Reproduce the data below in full and to the letter, images excepted.

- [Recorded data]:

BEGIN

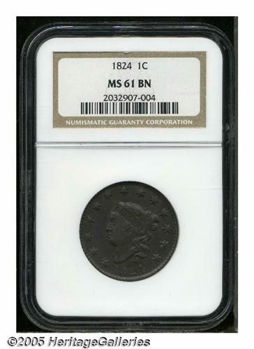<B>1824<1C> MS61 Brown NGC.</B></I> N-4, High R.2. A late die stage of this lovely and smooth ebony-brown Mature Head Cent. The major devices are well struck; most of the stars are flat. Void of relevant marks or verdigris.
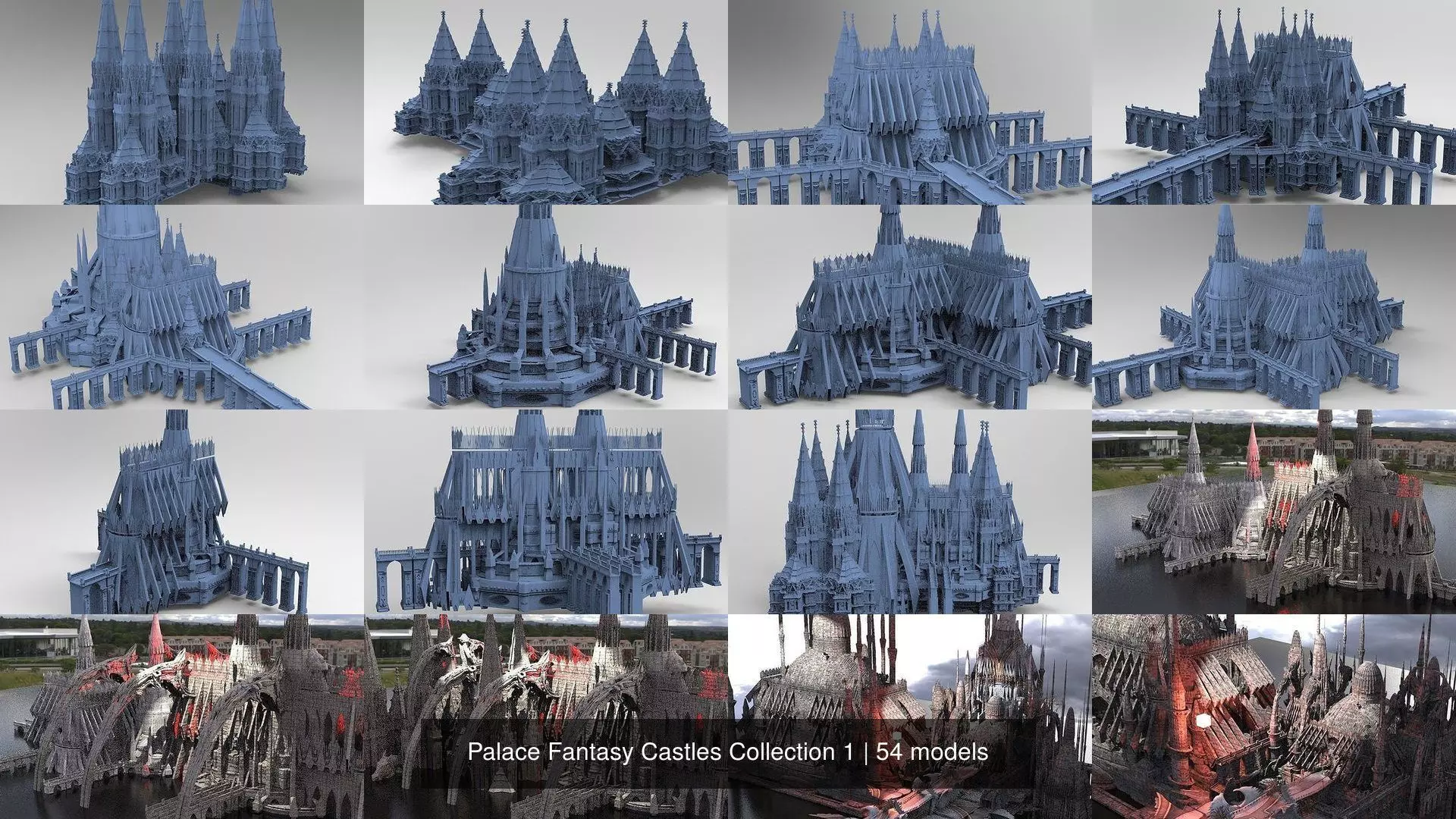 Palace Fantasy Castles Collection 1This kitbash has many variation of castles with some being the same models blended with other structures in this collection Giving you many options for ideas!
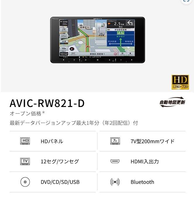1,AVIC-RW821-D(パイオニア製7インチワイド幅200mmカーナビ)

END

- [Written response]:
<B>1824<1C> MS61 Brown NGC.</B></I> N-4, High R.2. A late die stage of this lovely and smooth ebony-brown Mature Head Cent. The major devices are well struck; most of the stars are flat. Void of relevant marks or verdigris.
 Palace Fantasy Castles Collection 1This kitbash has many variation of castles with some being the same models blended with other structures in this collection Giving you many options for ideas!
1,AVIC-RW821-D(パイオニア製7インチワイド幅200mmカーナビ)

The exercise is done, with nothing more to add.